Ecco i principali passaggi dell’analisi:
Ho recentemente completato una review sui costi di produzione nelle 25 nazioni che esportano di più nel mondo, con i miei colleghi Justin Rose e Michael Zinser. La nostra ricerca mostra che considerando i fattori economici più importanti – costo del lavoro totale, spese per l’energia, crescita della produttività e tassi di cambia – il Brasile è una delle nazioni con i costi di produzione più elevati nel mondo, il Messico è più economico della Cina, la Cina è quasi pari con gli Stati Uniti (come lo sono la maggior parte dei Paesi dell’Europa dell’Est tradizionalmente a basso costo), e che il leader per la produzione low cost nell’Europa occidentale non è altro che il Paese che lanciò la rivoluzione industriale: il Regno Unito.

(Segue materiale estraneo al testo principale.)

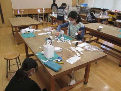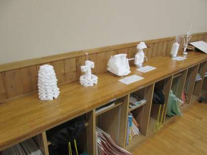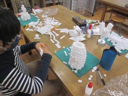 LEDの光をストローに通したり、スポンジを重ねたりしながら、光の効果を生かした立体をつくりあげていました。
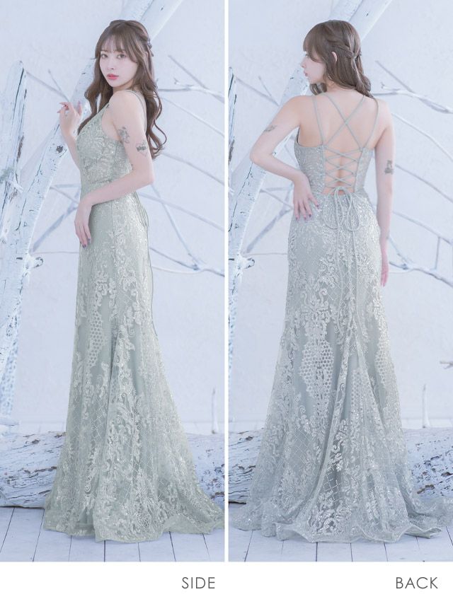 バストシースルースパンコール刺繍ラメクリスクロスバックレスキャミソールマーメイドロングバースデードレスのサイドバッグ全身

Quindi buttiamo via il vecchio copione. Benvenuti nella nuova era.
Il Paese con i costi di produzione più bassi, abbiamo scoperto, non è la Cina. È l’Indonesia, seguita dall’India, dal Messico e dalla Thailandia. La Cina viene dopo, con i costi di Taiwan solo un poco più alti e quelli degli Stati Uniti un po’ più sopra, cosa che posiziona l’America al numero sette nel nostro studio.
Dato che il costo del lavoro in Cina cresce, la produttività americana progredisce e le spese per l’energia negli Stati Uniti precipitano, la differenza nei costi di produzione tra la Cina e gli Stati Uniti si è assottigliata a un tale livello che è quasi insignificante. Per ogni dollaro richiesto per produrre negli Usa, ora il costo per la produzione in Cina è di 96 centesimi, prima di considerare i costi di trasporto negli Usa e altri fattori. Per molte società, non vale certo la pena produrre in Cina quando all’equazione si aggiungono la qualità del prodotto, la tutela della proprietà intellettuale e i problemi legati a una supply-chain (catena delle forniture) a lunga distanza.
Per la cronaca, i Paesi con i costi di produzione maggiori tra le 25 nazioni che abbiamo studiato sono Australia, Svizzera, Brasile, Francia, Italia, Belgio e Germania, tutte con costi più alti tra il 20 e il 30 per cento rispetto agli Usa.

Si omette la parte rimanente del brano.